* Try it
Restate the data word for word. Leave the pictures out.

* Dataset excerpt
******

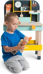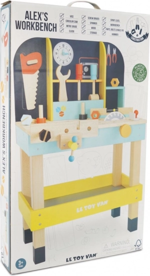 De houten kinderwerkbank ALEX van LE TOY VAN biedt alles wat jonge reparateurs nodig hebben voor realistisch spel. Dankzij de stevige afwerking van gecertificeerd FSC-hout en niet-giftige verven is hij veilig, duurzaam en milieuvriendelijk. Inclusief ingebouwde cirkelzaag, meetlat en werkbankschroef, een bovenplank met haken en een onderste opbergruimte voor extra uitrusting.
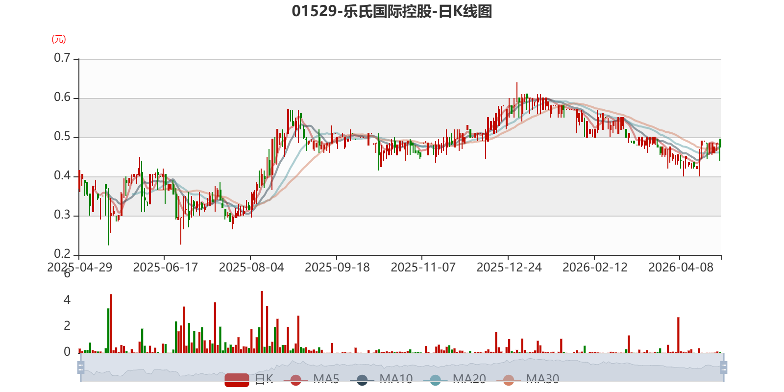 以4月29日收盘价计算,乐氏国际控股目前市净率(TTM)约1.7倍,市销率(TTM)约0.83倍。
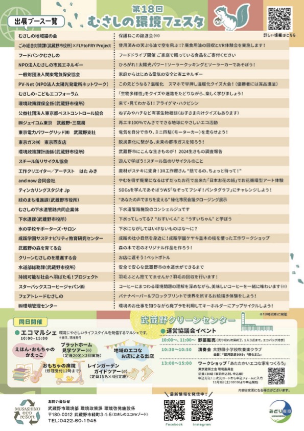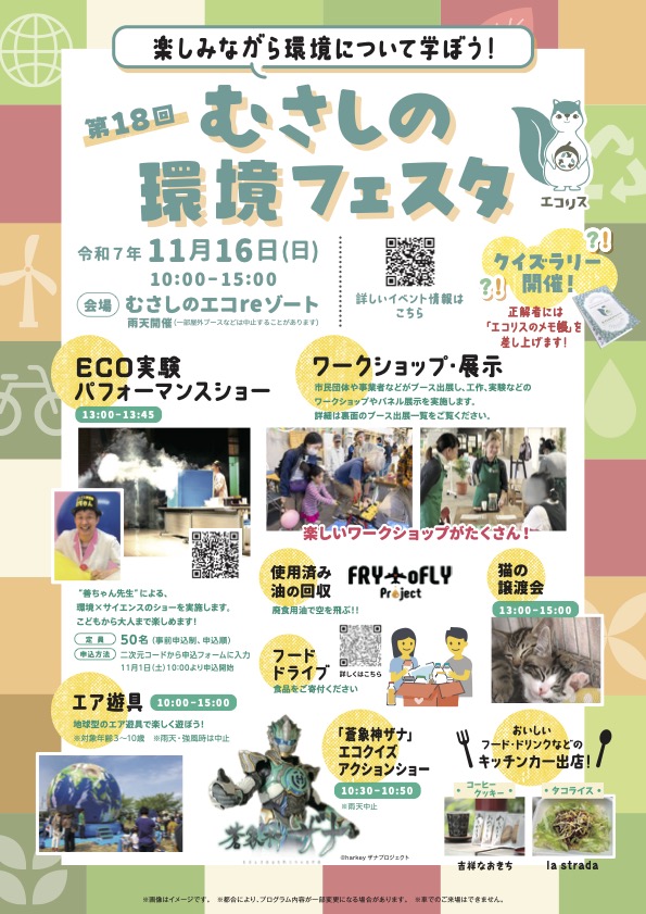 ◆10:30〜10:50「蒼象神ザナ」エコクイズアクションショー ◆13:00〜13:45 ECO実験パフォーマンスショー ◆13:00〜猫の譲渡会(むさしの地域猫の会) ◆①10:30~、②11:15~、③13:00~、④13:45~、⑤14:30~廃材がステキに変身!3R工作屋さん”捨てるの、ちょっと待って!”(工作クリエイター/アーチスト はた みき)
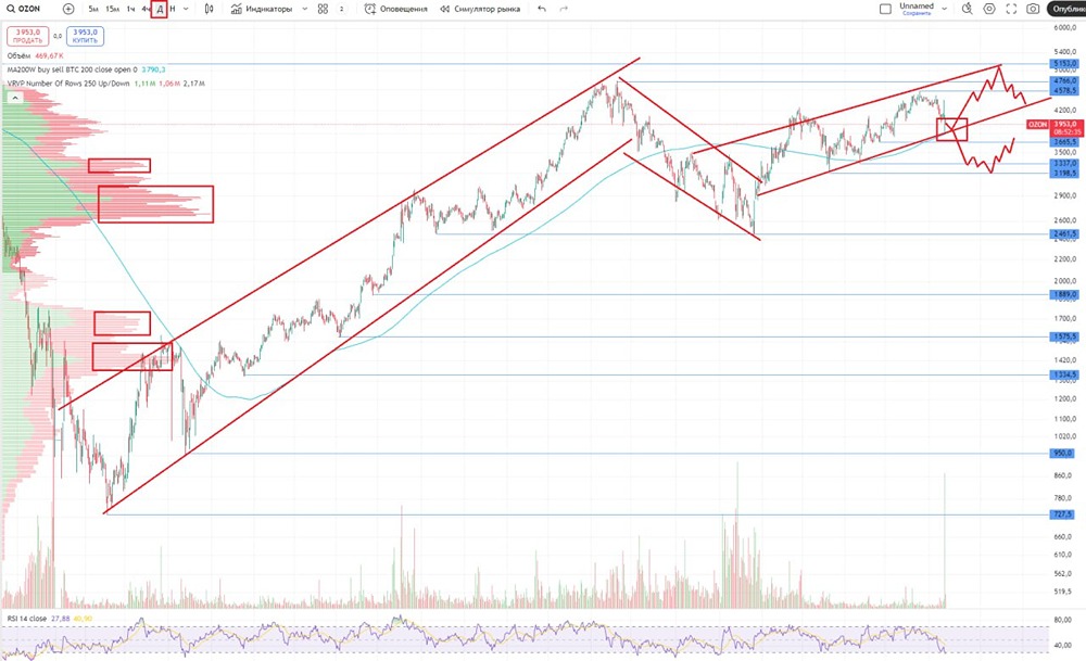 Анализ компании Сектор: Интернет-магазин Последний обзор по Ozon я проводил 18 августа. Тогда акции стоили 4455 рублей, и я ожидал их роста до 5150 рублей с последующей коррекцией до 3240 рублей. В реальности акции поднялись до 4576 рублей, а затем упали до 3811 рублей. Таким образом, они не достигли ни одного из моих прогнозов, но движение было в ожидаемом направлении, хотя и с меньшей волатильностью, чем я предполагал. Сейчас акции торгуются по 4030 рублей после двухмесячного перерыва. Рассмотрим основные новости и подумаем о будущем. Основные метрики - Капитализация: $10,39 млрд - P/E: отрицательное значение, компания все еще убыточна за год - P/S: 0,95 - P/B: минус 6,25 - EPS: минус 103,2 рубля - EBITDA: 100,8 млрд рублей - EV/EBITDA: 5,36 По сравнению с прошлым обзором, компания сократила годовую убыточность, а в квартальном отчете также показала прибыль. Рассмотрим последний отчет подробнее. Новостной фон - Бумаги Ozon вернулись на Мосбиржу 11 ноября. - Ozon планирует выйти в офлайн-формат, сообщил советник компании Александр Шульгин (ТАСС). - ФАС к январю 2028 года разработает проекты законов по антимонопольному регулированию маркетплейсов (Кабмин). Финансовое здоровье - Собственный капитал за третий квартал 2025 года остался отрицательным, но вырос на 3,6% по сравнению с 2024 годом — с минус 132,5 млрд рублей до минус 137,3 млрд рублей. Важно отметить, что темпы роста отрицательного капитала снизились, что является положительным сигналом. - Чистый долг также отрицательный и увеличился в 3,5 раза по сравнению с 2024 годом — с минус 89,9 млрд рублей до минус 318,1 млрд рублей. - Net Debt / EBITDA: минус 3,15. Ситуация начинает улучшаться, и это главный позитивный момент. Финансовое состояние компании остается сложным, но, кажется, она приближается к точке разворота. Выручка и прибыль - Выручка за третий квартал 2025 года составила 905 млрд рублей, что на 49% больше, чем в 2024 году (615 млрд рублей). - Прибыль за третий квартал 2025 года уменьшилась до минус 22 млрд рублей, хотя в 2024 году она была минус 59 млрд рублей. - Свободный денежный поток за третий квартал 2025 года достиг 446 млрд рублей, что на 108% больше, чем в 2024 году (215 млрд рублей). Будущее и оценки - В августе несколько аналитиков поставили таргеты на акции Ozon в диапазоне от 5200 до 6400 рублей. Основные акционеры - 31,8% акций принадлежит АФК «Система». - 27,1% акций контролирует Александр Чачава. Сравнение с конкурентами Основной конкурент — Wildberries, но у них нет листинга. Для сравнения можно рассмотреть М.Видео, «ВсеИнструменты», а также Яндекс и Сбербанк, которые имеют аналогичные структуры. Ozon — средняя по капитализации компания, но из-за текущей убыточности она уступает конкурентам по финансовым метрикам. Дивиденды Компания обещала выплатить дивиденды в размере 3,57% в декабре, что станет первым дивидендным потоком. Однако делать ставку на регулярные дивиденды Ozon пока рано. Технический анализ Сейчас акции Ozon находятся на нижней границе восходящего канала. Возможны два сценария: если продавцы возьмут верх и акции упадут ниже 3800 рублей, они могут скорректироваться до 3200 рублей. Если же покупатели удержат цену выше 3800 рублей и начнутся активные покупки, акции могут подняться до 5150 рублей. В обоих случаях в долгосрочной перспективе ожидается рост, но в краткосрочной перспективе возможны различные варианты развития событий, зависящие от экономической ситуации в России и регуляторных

******

* Task result
 De houten kinderwerkbank ALEX van LE TOY VAN biedt alles wat jonge reparateurs nodig hebben voor realistisch spel. Dankzij de stevige afwerking van gecertificeerd FSC-hout en niet-giftige verven is hij veilig, duurzaam en milieuvriendelijk. Inclusief ingebouwde cirkelzaag, meetlat en werkbankschroef, een bovenplank met haken en een onderste opbergruimte voor extra uitrusting.
 以4月29日收盘价计算,乐氏国际控股目前市净率(TTM)约1.7倍,市销率(TTM)约0.83倍。
 ◆10:30〜10:50「蒼象神ザナ」エコクイズアクションショー ◆13:00〜13:45 ECO実験パフォーマンスショー ◆13:00〜猫の譲渡会(むさしの地域猫の会) ◆①10:30~、②11:15~、③13:00~、④13:45~、⑤14:30~廃材がステキに変身!3R工作屋さん”捨てるの、ちょっと待って!”(工作クリエイター/アーチスト はた みき)
 Анализ компании Сектор: Интернет-магазин Последний обзор по Ozon я проводил 18 августа. Тогда акции стоили 4455 рублей, и я ожидал их роста до 5150 рублей с последующей коррекцией до 3240 рублей. В реальности акции поднялись до 4576 рублей, а затем упали до 3811 рублей. Таким образом, они не достигли ни одного из моих прогнозов, но движение было в ожидаемом направлении, хотя и с меньшей волатильностью, чем я предполагал. Сейчас акции торгуются по 4030 рублей после двухмесячного перерыва. Рассмотрим основные новости и подумаем о будущем. Основные метрики - Капитализация: $10,39 млрд - P/E: отрицательное значение, компания все еще убыточна за год - P/S: 0,95 - P/B: минус 6,25 - EPS: минус 103,2 рубля - EBITDA: 100,8 млрд рублей - EV/EBITDA: 5,36 По сравнению с прошлым обзором, компания сократила годовую убыточность, а в квартальном отчете также показала прибыль. Рассмотрим последний отчет подробнее. Новостной фон - Бумаги Ozon вернулись на Мосбиржу 11 ноября. - Ozon планирует выйти в офлайн-формат, сообщил советник компании Александр Шульгин (ТАСС). - ФАС к январю 2028 года разработает проекты законов по антимонопольному регулированию маркетплейсов (Кабмин). Финансовое здоровье - Собственный капитал за третий квартал 2025 года остался отрицательным, но вырос на 3,6% по сравнению с 2024 годом — с минус 132,5 млрд рублей до минус 137,3 млрд рублей. Важно отметить, что темпы роста отрицательного капитала снизились, что является положительным сигналом. - Чистый долг также отрицательный и увеличился в 3,5 раза по сравнению с 2024 годом — с минус 89,9 млрд рублей до минус 318,1 млрд рублей. - Net Debt / EBITDA: минус 3,15. Ситуация начинает улучшаться, и это главный позитивный момент. Финансовое состояние компании остается сложным, но, кажется, она приближается к точке разворота. Выручка и прибыль - Выручка за третий квартал 2025 года составила 905 млрд рублей, что на 49% больше, чем в 2024 году (615 млрд рублей). - Прибыль за третий квартал 2025 года уменьшилась до минус 22 млрд рублей, хотя в 2024 году она была минус 59 млрд рублей. - Свободный денежный поток за третий квартал 2025 года достиг 446 млрд рублей, что на 108% больше, чем в 2024 году (215 млрд рублей). Будущее и оценки - В августе несколько аналитиков поставили таргеты на акции Ozon в диапазоне от 5200 до 6400 рублей. Основные акционеры - 31,8% акций принадлежит АФК «Система». - 27,1% акций контролирует Александр Чачава. Сравнение с конкурентами Основной конкурент — Wildberries, но у них нет листинга. Для сравнения можно рассмотреть М.Видео, «ВсеИнструменты», а также Яндекс и Сбербанк, которые имеют аналогичные структуры. Ozon — средняя по капитализации компания, но из-за текущей убыточности она уступает конкурентам по финансовым метрикам. Дивиденды Компания обещала выплатить дивиденды в размере 3,57% в декабре, что станет первым дивидендным потоком. Однако делать ставку на регулярные дивиденды Ozon пока рано. Технический анализ Сейчас акции Ozon находятся на нижней границе восходящего канала. Возможны два сценария: если продавцы возьмут верх и акции упадут ниже 3800 рублей, они могут скорректироваться до 3200 рублей. Если же покупатели удержат цену выше 3800 рублей и начнутся активные покупки, акции могут подняться до 5150 рублей. В обоих случаях в долгосрочной перспективе ожидается рост, но в краткосрочной перспективе возможны различные варианты развития событий, зависящие от экономической ситуации в России и регуляторных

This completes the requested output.